The seat of Wills shares many similarities with its neighbour Cooper – the electorate is predicted to be the site of another tight contest between Labor and the Greens, and skews young and diverse.

Perhaps fittingly, its most notable MP was former Prime Minister Bob Hawke, who passed away this week and was known for his abhorrence of bigotry and divisive politics.

In April 1955, the first MP in the seat of Wills, Bill Bryson, was expelled from the Labor party along with six other members of Parliament. He lost re-election to Labor candidate Gordon Bryant.

He was followed by Hawke, who won the seat five times between 1980 and 1990 – the latter four times, as Prime Minister.

Hawke resigned after losing a leadership spill to Paul Keating, and Phil Cleary was elected in 1992 as the seat’s single non-Labor election winner.

Kelvin Thompson took the seat back for Labor in 1996, and retired in 2016.

The winner of the first preference vote has been elected in every election besides 1993 when Phil Cleary won despite finishing 12.5 percent behind Labor in first preferences.

Current Greens leader Richard Di Natale ran unsuccessfully for the seat in 2001.

Wills’ demographics have been observably influenced by significant migration in the past two generations. 40% of Wills’ population is foreign born compared to 33% of Australia’s population as a whole.

What’s more, 48% of Wills residents have two foreign born parents, compared with 34% of Australian residents as a whole. In 44% of Wills households, a language other than English is spoken at home, while that figure is just 27% for Australia in general.

Wills was historically working-class, but has grown increasingly gentrified, corresponding with a continuous rise in the Greens’ vote every election since 2001.

Though median age in Wills is very close to Australia as a whole, the population pyramid has one notable difference in the 25-34 year old age group, who form almost 22% of Wills’ residents but barely 14% of Australians in general. More than thirty per cent of Wills residents over 15 have bachelor’s degrees, as opposed to just 22% for Australians as a whole.

The demographic peculiarities of Wills are unsurprising for an electorate that skews so much more towards the Greens than Australia does in general.

It’s an inner metropolitan Victorian bloc of educated, young voters – the sort of voters to whom the Greens’ social and environmental policies appeal, along with the Greens’ pro-immigration stance which seems likely to meet the approval of the division’s immigrant communities.

Though never won by a party besides Labor, the seat of Wills is now considered a marginal Labor seat, needing a 4.9% swing for it to fall to the Greens.

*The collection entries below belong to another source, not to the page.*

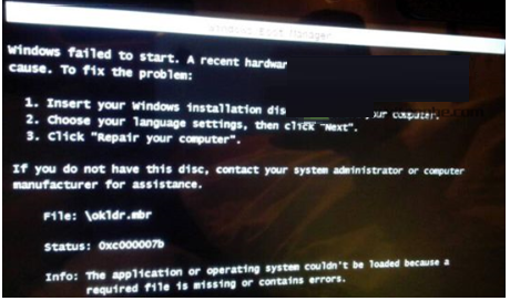 最近,有些用户在重装Win7系统的过程中遇到“黑屏oxc000007b”问题(具体故障如下图所示),这是怎么回事呢?遇到这问题又该怎么办?针对这问题,现在,小编就来和大家介绍一下涌现此问题的原因及处理方法。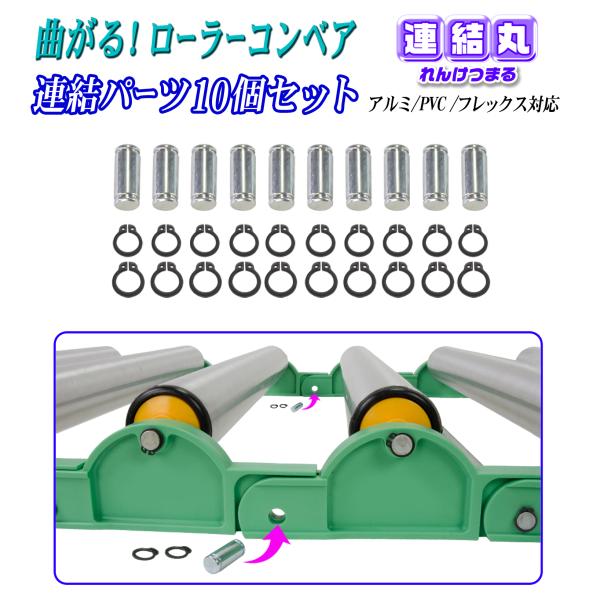 ローラーコンベア 【連結丸 連結パーツ 10個セット】アルミ/PVC/フレックス 対応 連結 レール 防災 救護 救難 工事現場 建設現場 台車 工場 物流 倉庫 荷下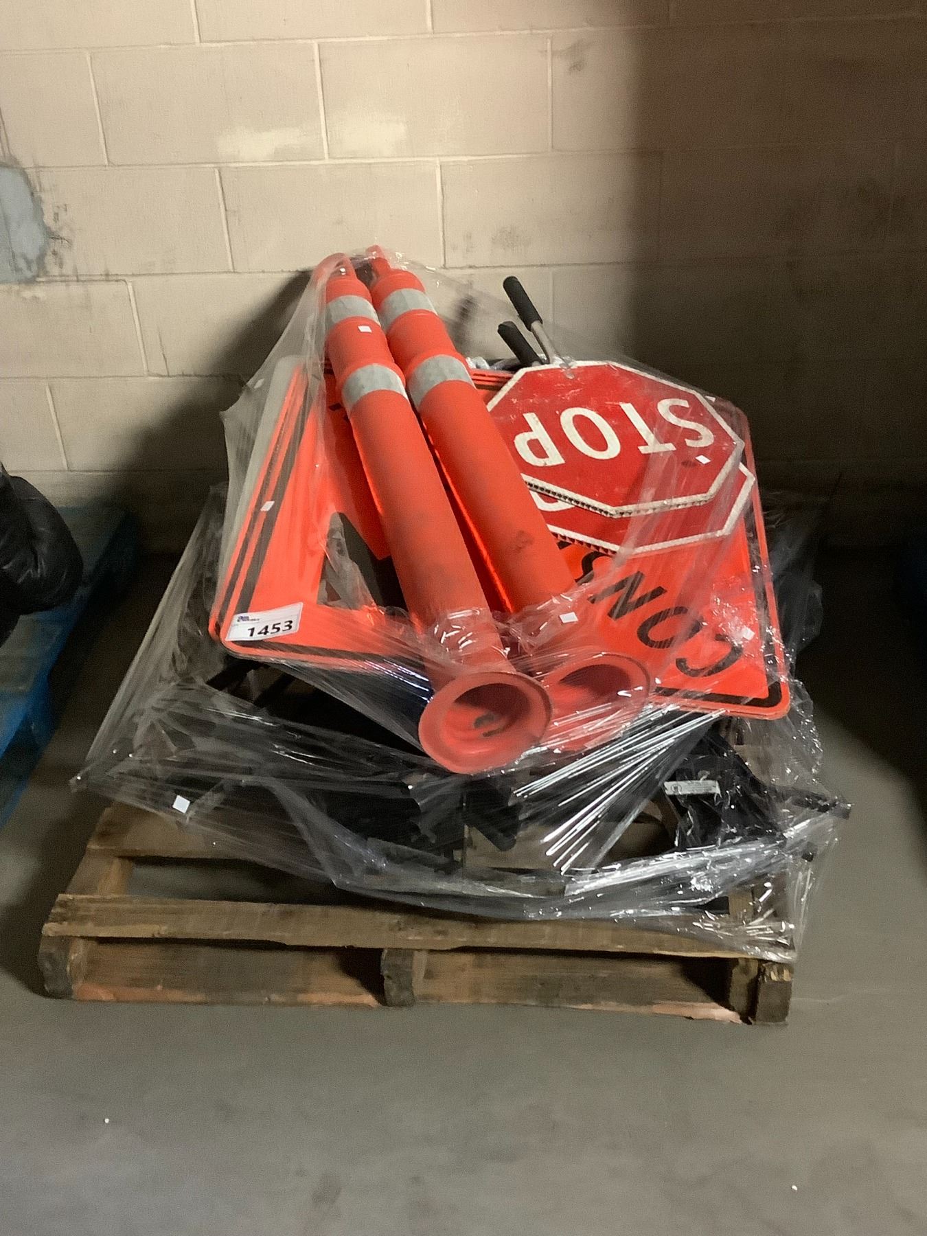 PALLET OF TRAFFIC DIVERSION SIGNS, FLAGGING SIGNS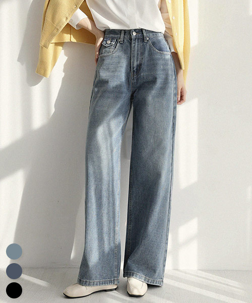 [딱맞진No.41] 포켓 디테일 워싱 와이드 데님팬츠_265049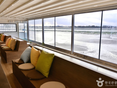 대부도 동춘서커스 건너편 회센터 안쪽으로 1분 거리에 있는 대부도 카페에바다는 겉으로는 상가 건물이 가리고 있지만 안쪽으로는 바로 바다가 펼쳐지는 뷰맛집 카페이다. 실내 인테리어도 직접, 로스팅도 직접, 커피콩빵도 직접 구워 판매하는 이곳은 구석구석 감성 돋는 인테리어뿐만 아니라 바로 카페테라스에서 서해안 낙조를 볼 수 있는 낙조 명소 카페이다. 테라스에서 일몰을 감상하는 사람들을 위해 포근한 담요들과 방석도 넉넉하게 준비되어 있으며 오션뷰와 함께 음료와 디저트까지 즐길 수 있다.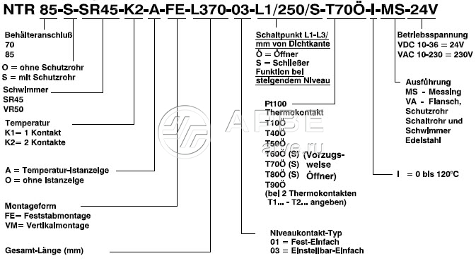 • Реле уровня NTR 70-VR50 K2-0-FE-L340-03-L1/180/S-L2/50/O -T70Ö-I-MS-24V Goldammer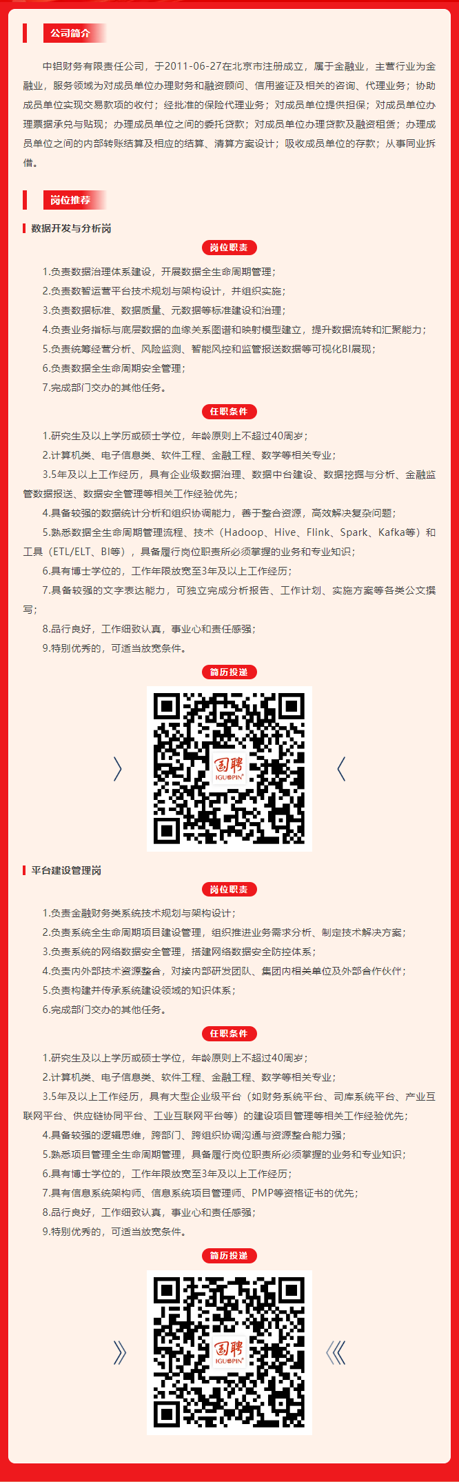 中铝财务有限责任公司社招岗位推荐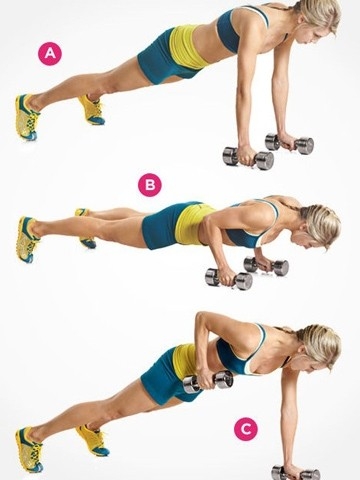 (C)回到原来位置时,右手往后拉哑铃到右胸的位置,保持三秒钟,然后回到初始位置。用左手重复刚刚的动作。

The northern two thirds of the electorate tend to lean Labor, while the southern third is more inclined toward the Greens.

While the Greens leaning part is more densely populated, its two-party preferred vote averages 3:2, while the rest of the electorate leans Labor at close to 2:1.

Notably, the Greens’ only seat in the House of Representatives is Melbourne, which lies directly to the south of Wills.

All other electorates bordering Wills are held by Labor, though the Greens have their eye on Batman to the east – it is on the Greens’ four seat shortlist to try to flip.